Edward Peter Gallogly (August 28, 1919 – April 18, 1995) was an American politician who served as Lieutenant Governor of Rhode Island for four years and as chief judge of the Rhode Island Family Court for 17 years.

==Biography==
Gallogly was born in Providence, Rhode Island in 1919, one of nine children of Lawrence and Rose ( Mimnaugh) Gallogly. He graduated from Providence College in 1942 and from Boston University Law School in 1949.

==World War II==
In 1943, he enlisted in the United States Navy and saw action in the European Theatre, including the D-Day landing at Normandy, and in the Pacific Theatre at the Philippines and Okinawa.
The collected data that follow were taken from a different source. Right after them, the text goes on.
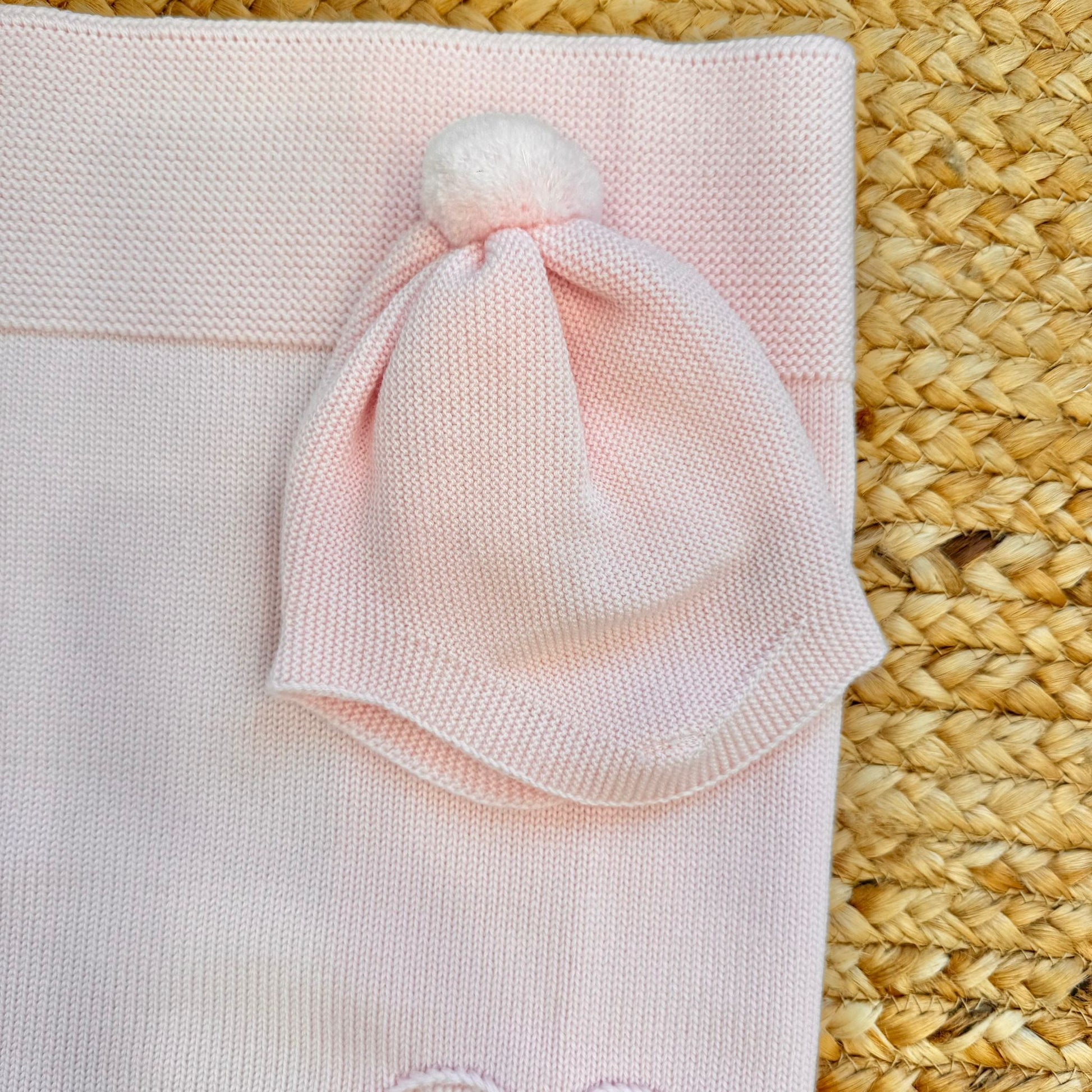 Coordinato uscita clinica neonata pura lana rosa con copertina
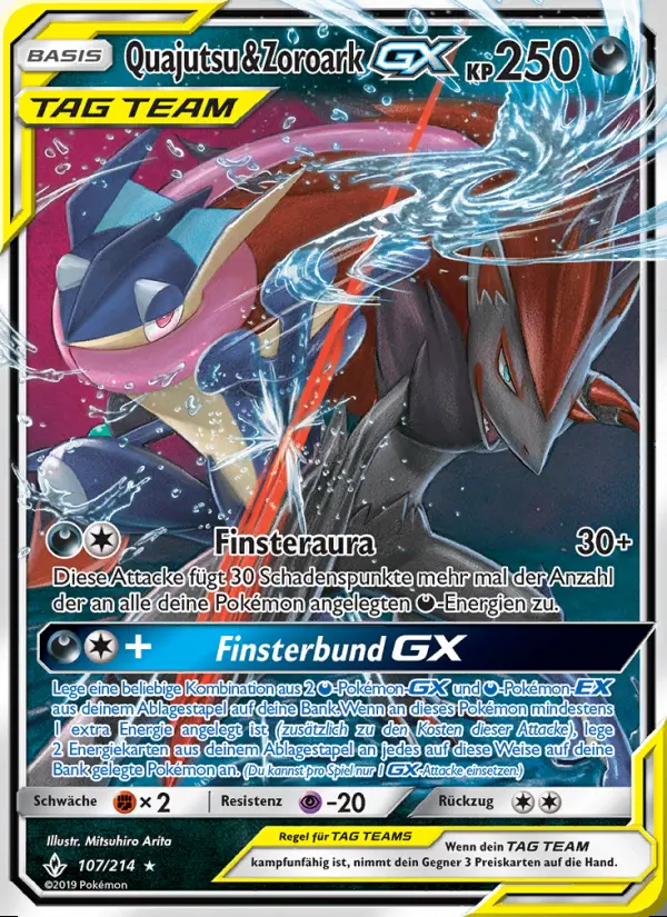 Lege eine beliebige Kombination aus 2 Darkness-Pokémon-GX und Darkness-Pokémon-EX aus deinem Ablagestapel auf deine Bank. Wenn an dieses Pokémon mindestens 1 extra Energie angelegt ist (zusätzlich zu den Kosten dieser Attacke), lege 2 Energiekarten aus deinem Ablagestapel an jedes auf diese Weise auf deine Bank gelegte Pokémon an. (Du kannst pro Spiel nur 1 GX-Attacke einsetzen.)
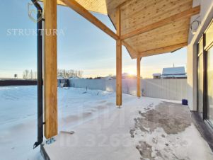Дом построен из качественных материалов, стоит на высоком фундаменте, защищённом отмосткой. Стильный и практичный фасад отделан штукатуркой кремового цвета в сочетании с элементами из декоративного кирпича. Крыльцо находится под отдельной крышей, которая изнутри отделана деревом, оно оборудовано удобными монолитными ступенями. Входная группа выполнена из массивного бруса с интерьерным деревянным коньком. Крыша покрыта скатной кровлей серого цвета - всё это вместе придает дому стильный и современный внешний вид. Просторная терраса, обрамлённая столбами из толстого бруса, находится под общей крышей дома, она также оборудована ступенями для удобства спуска и подъема. Имеется водосточная система и снегозадержатели.
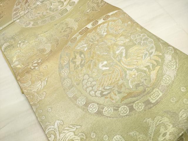 Heiwaya Kimono ◎ Six-panel patterned obi sash, facing birds, sarasa floral pattern, gold and silver thread, pure silk, exquisite item, DABE8116xg
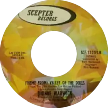 Actress Barbara Parkins, who starred in the motion picture, suggested that Warwick be considered to sing the film's theme song. The song was to be given to Judy Garland, who had been fired from the film. Warwick performed the song, and when the film became a success in the early weeks of 1968, her single of the film theme became a million-seller, peaking at #2 for four weeks on the U.S. Billboard Hot 100 (kept out of the first position by "Love is Blue" by Paul Mauriat and "(Sittin' On) The Dock of the Bay" by Otis Redding) and #1 on 4 March 1968 on WLS.[1] It also reached #2 on the Easy Listening charts in early 1968,[2][3] #2 on the Cash Box Top 100 and #1 on the Record World chart. The song was the B-side of another million selling tune composed for Warwick by Burt Bacharach and Hal David, "I Say a Little Prayer," which had hit #4 on Hot 100 on 9 December 1967.[2] The single would become one of the biggest double-sided hits of the rock era.

He was discharged from active duty with the rank of lieutenant, but continued service in the Naval Reserve teaching courses in international law, international relations, and military justice at the Naval Reserve Officers School then located at Fields Point.

==Career==
A lifelong Democrat, he became active in local politics and was elected as a state senator in 1954 as a Democrat. He was elected Lieutenant Governor of Rhode Island in 1960 and was re-elected in 1962. He served from January 1961 to January 1965. He was an unsuccessful candidate for Governor of Rhode Island in 1964 when he was defeated by incumbent Governor John Chafee.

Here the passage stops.